其他
干货 | Tensorflow设计简单分类网络实现猫狗图像分类训练与测试
微信公众号:OpenCV学堂
关注获取更多计算机视觉与深度学习知识
觉得文章对你有用,请戳底部广告支持
模型结构与代码实现
第一层:32个feature map 5x5卷积、步长为2、最大值池化
局部相应归一化处理(LRN)
第二层:64个feature map 3x3卷积、步长为1、没有池化
第三层:128个feature map 3x3卷积、步长为1、最大值池化
局部相应归一化处理(LRN)
扁平层操作12x12x128个神经元
输出层操作2个神经元输出、sigmoid激活函数
卷积层采用relu作为激活函数。
模型解释
卷积层深度不断加深,用以补偿分辨率下降带来的信息损失、
LRN提升神经元竞争能力,增强最终模型的泛化能力。
通过上述简单的卷积神经网络,对25000张的猫狗图像进行训练,对卷积层1、3后面使用局部响应归一化处理(LRN), 最终输出二分类图像。从测试集选择测试图像进行分类预测,计算准确率。
网络模型代码实现
def inference(input_tensor):
# -----------------------第一层----------------------------
with tf.variable_scope('layer1-conv1'):
# 初始化权重conv1_weights为可保存变量,大小为5x5,3个通道(RGB),数量为32个
conv1_weights = tf.get_variable("weight", [5, 5, 3, 32],
initializer=tf.truncated_normal_initializer(stddev=0.1))

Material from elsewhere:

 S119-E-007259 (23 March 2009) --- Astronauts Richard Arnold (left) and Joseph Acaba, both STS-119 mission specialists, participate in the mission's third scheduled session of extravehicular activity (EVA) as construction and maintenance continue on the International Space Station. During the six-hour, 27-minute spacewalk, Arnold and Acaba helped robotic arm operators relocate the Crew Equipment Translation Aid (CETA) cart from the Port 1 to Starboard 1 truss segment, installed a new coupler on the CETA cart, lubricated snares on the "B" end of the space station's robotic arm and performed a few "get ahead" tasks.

conv1_biases = tf.get_variable("bias", [32], initializer=tf.constant_initializer(0.0))
conv1 = tf.nn.conv2d(input_tensor, conv1_weights, strides=[1, 1, 1, 1], padding='SAME')

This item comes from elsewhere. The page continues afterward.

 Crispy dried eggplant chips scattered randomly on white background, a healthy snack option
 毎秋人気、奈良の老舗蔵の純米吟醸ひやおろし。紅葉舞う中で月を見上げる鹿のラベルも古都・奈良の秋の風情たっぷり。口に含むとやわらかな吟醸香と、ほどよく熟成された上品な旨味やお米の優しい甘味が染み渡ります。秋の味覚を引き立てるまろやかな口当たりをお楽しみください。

relu1 = tf.nn.relu(tf.nn.bias_add(conv1, conv1_biases))
print(relu1)
with tf.name_scope("layer2-pool1"):
# 池化计算,调用tensorflow的max_pool函数,strides=[1,2,2,1],表示池化边界,2个对一个生成,padding="VALID"表示不操作。
pool1 = tf.nn.max_pool(relu1, ksize=[1, 2, 2, 1], strides=[1, 2, 2, 1], padding="VALID")
norm1 = tf.nn.lrn(pool1, depth_radius=5, bias=2.0, alpha=1e-3, beta=0.75, name='norm1')
# -----------------------第二层----------------------------
with tf.variable_scope("layer3-conv2"):
# 同上,不过参数的有变化,根据卷积计算和通道数量的变化,64个feature maps
conv2_weights = tf.get_variable("weight", [3, 3, 32, 64],
initializer=tf.truncated_normal_initializer(stddev=0.1))
conv2_biases = tf.get_variable("bias", [64], initializer=tf.constant_initializer(0.0))
conv2 = tf.nn.conv2d(norm1, conv2_weights, strides=[1, 2, 2, 1], padding='SAME')
relu2 = tf.nn.relu(tf.nn.bias_add(conv2, conv2_biases))
print(relu2)
# Local Response Normalization (parameters from paper)
# 128个 feature maps
with tf.variable_scope("layer4-conv3"):
conv3_weights = tf.get_variable("weight", [3, 3, 64, 128],
initializer=tf.truncated_normal_initializer(stddev=0.1))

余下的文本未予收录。